Recorded information
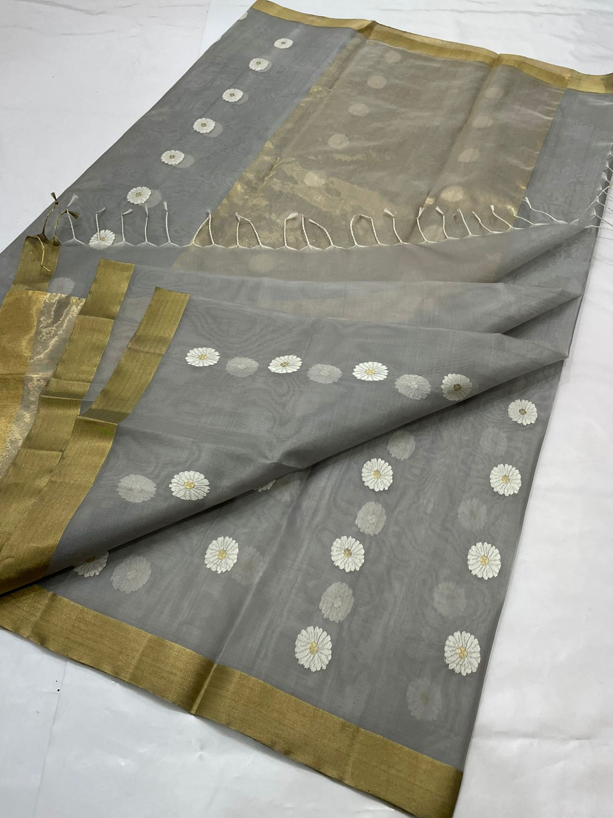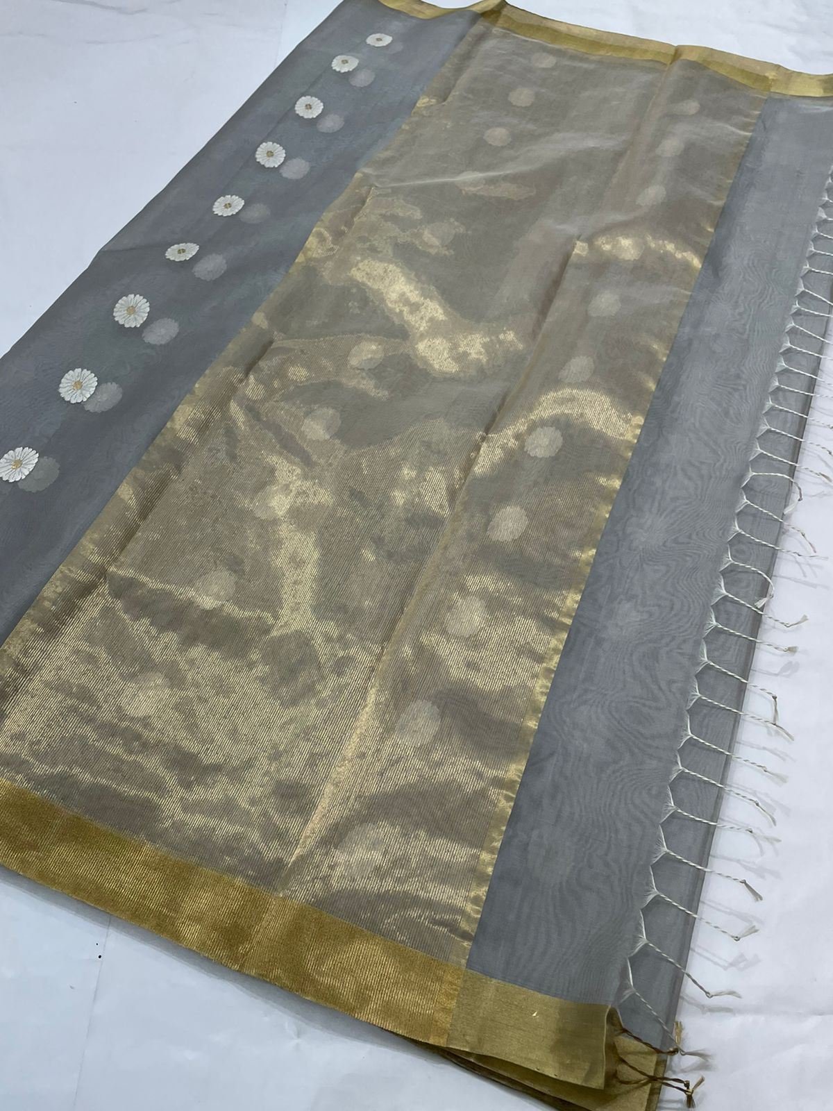 Allover deginer beautiful ghana flower minakari buti motive With golden jari solid border & golden jari beautiful stripe tassel pallu.
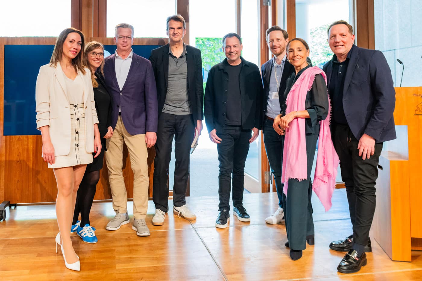 Mitwirkende auf der Jahrestagung des Verbandes Deutscher Bahnhofsbuchhändler: v.l. Anja Katharina Bezold, Sarah v. Nordheim, Torsten Löffler, Klaus Brinkbäumer, Sebastian Fitzek, Matti Eckert, Andrea Thilo, Daniel Seidl. Foto: Sandwichpicker-berlin.com/ Ole Bader
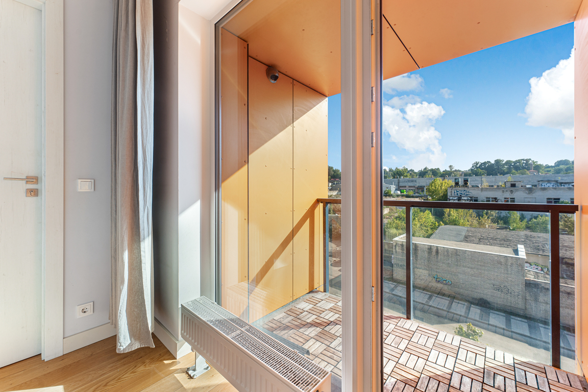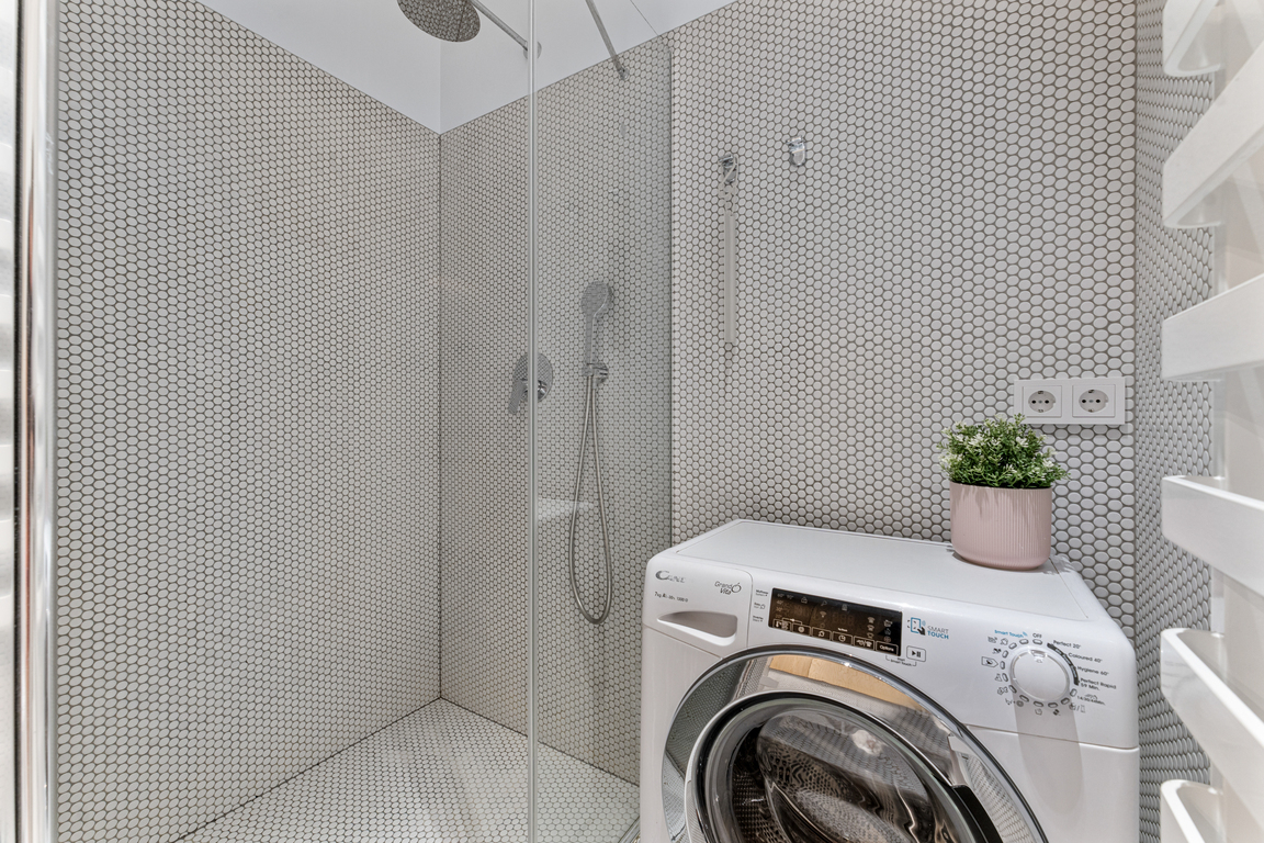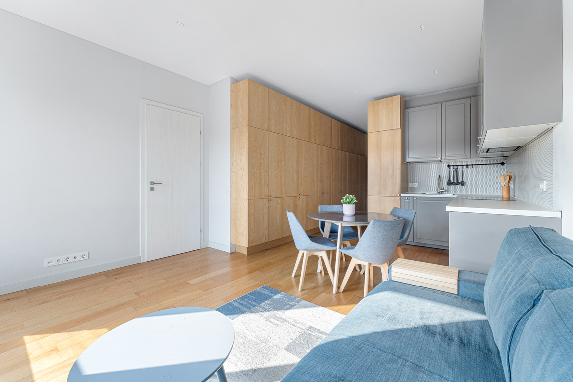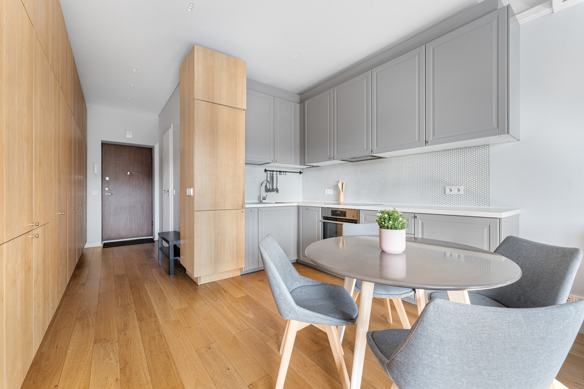 Svetainė, sujungta su virtuve, atskiras miegamasis, modernus vonios kambarys su dušu. Prabangus įrengimas: kokybiškos medinės grindys, visa būtiniausia buitinė technika, indaplovė, oro kondicionierius, skalbimo mašina, integruotos spintos, balkonas. Solidi ir saugi kaimynystė.

Task details
From the line containing "Mitwirkende auf der" down to the final line of the material above, reproduce each line exactly and include no images.

Response to this exercise
 Mitwirkende auf der Jahrestagung des Verbandes Deutscher Bahnhofsbuchhändler: v.l. Anja Katharina Bezold, Sarah v. Nordheim, Torsten Löffler, Klaus Brinkbäumer, Sebastian Fitzek, Matti Eckert, Andrea Thilo, Daniel Seidl. Foto: Sandwichpicker-berlin.com/ Ole Bader
 Svetainė, sujungta su virtuve, atskiras miegamasis, modernus vonios kambarys su dušu. Prabangus įrengimas: kokybiškos medinės grindys, visa būtiniausia buitinė technika, indaplovė, oro kondicionierius, skalbimo mašina, integruotos spintos, balkonas. Solidi ir saugi kaimynystė.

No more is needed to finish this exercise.